Skipping all images, output the listing word for word.
-- The input follows --
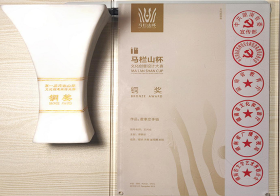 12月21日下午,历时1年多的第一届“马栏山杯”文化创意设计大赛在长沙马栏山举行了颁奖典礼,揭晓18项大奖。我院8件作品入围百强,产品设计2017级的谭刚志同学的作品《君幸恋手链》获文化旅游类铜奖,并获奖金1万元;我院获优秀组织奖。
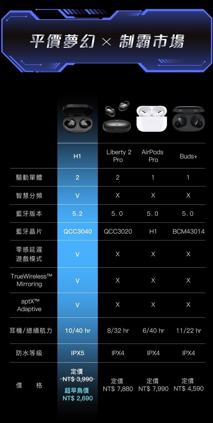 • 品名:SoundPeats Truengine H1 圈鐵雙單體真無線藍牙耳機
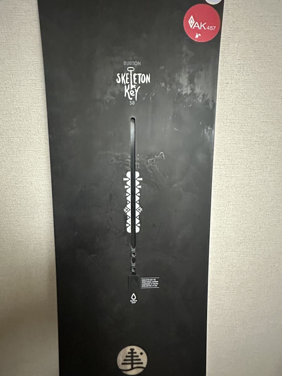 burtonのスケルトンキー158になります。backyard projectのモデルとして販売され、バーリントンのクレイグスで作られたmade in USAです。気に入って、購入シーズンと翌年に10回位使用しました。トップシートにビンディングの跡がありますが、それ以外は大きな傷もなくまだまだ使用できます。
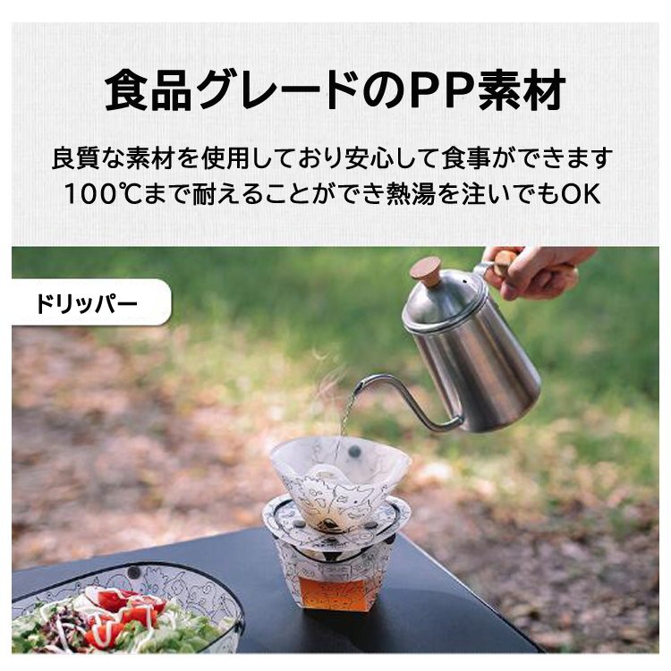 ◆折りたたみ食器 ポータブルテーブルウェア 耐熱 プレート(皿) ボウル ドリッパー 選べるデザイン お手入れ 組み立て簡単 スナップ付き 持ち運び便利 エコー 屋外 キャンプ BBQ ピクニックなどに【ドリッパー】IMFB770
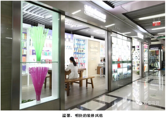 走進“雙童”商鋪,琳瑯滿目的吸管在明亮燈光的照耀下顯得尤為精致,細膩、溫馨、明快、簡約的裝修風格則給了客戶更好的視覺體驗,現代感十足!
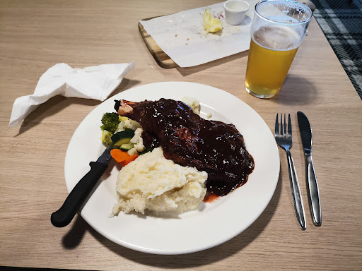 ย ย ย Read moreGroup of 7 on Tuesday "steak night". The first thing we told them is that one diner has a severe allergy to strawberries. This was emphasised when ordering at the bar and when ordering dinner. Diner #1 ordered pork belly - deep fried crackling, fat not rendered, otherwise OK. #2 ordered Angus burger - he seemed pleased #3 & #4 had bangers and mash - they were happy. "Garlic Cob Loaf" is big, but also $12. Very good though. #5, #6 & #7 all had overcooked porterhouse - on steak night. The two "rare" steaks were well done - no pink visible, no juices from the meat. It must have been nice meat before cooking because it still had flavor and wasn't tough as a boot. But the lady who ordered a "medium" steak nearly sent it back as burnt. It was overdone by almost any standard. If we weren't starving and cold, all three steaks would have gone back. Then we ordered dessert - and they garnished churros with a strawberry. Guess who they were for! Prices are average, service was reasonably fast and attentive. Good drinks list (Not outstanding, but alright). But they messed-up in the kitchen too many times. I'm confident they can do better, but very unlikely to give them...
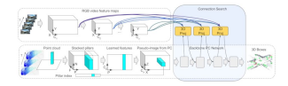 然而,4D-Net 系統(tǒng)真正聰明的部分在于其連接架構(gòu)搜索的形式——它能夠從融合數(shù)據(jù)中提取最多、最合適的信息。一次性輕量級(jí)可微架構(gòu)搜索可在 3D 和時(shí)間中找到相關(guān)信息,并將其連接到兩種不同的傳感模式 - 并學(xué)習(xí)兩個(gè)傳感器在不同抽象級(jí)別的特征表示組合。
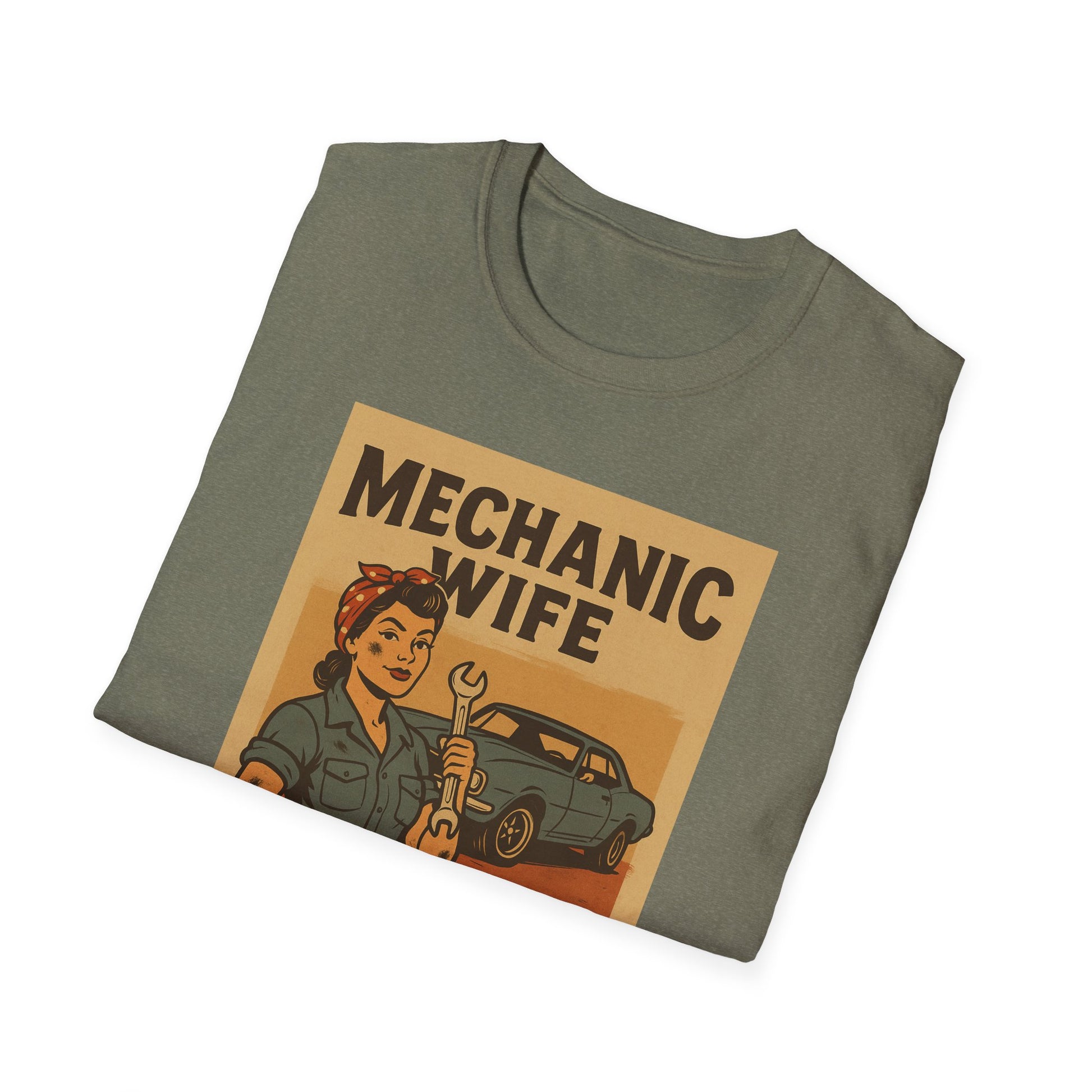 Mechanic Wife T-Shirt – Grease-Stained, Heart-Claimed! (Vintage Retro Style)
-- The input concluded --
Exercise result:
 12月21日下午,历时1年多的第一届“马栏山杯”文化创意设计大赛在长沙马栏山举行了颁奖典礼,揭晓18项大奖。我院8件作品入围百强,产品设计2017级的谭刚志同学的作品《君幸恋手链》获文化旅游类铜奖,并获奖金1万元;我院获优秀组织奖。
 • 品名:SoundPeats Truengine H1 圈鐵雙單體真無線藍牙耳機
 burtonのスケルトンキー158になります。backyard projectのモデルとして販売され、バーリントンのクレイグスで作られたmade in USAです。気に入って、購入シーズンと翌年に10回位使用しました。トップシートにビンディングの跡がありますが、それ以外は大きな傷もなくまだまだ使用できます。
 ◆折りたたみ食器 ポータブルテーブルウェア 耐熱 プレート(皿) ボウル ドリッパー 選べるデザイン お手入れ 組み立て簡単 スナップ付き 持ち運び便利 エコー 屋外 キャンプ BBQ ピクニックなどに【ドリッパー】IMFB770
 走進“雙童”商鋪,琳瑯滿目的吸管在明亮燈光的照耀下顯得尤為精致,細膩、溫馨、明快、簡約的裝修風格則給了客戶更好的視覺體驗,現代感十足!
 ย ย ย Read moreGroup of 7 on Tuesday "steak night". The first thing we told them is that one diner has a severe allergy to strawberries. This was emphasised when ordering at the bar and when ordering dinner. Diner #1 ordered pork belly - deep fried crackling, fat not rendered, otherwise OK. #2 ordered Angus burger - he seemed pleased #3 & #4 had bangers and mash - they were happy. "Garlic Cob Loaf" is big, but also $12. Very good though. #5, #6 & #7 all had overcooked porterhouse - on steak night. The two "rare" steaks were well done - no pink visible, no juices from the meat. It must have been nice meat before cooking because it still had flavor and wasn't tough as a boot. But the lady who ordered a "medium" steak nearly sent it back as burnt. It was overdone by almost any standard. If we weren't starving and cold, all three steaks would have gone back. Then we ordered dessert - and they garnished churros with a strawberry. Guess who they were for! Prices are average, service was reasonably fast and attentive. Good drinks list (Not outstanding, but alright). But they messed-up in the kitchen too many times. I'm confident they can do better, but very unlikely to give them...
 然而,4D-Net 系統(tǒng)真正聰明的部分在于其連接架構(gòu)搜索的形式——它能夠從融合數(shù)據(jù)中提取最多、最合適的信息。一次性輕量級(jí)可微架構(gòu)搜索可在 3D 和時(shí)間中找到相關(guān)信息,并將其連接到兩種不同的傳感模式 - 并學(xué)習(xí)兩個(gè)傳感器在不同抽象級(jí)別的特征表示組合。
 Mechanic Wife T-Shirt – Grease-Stained, Heart-Claimed! (Vintage Retro Style)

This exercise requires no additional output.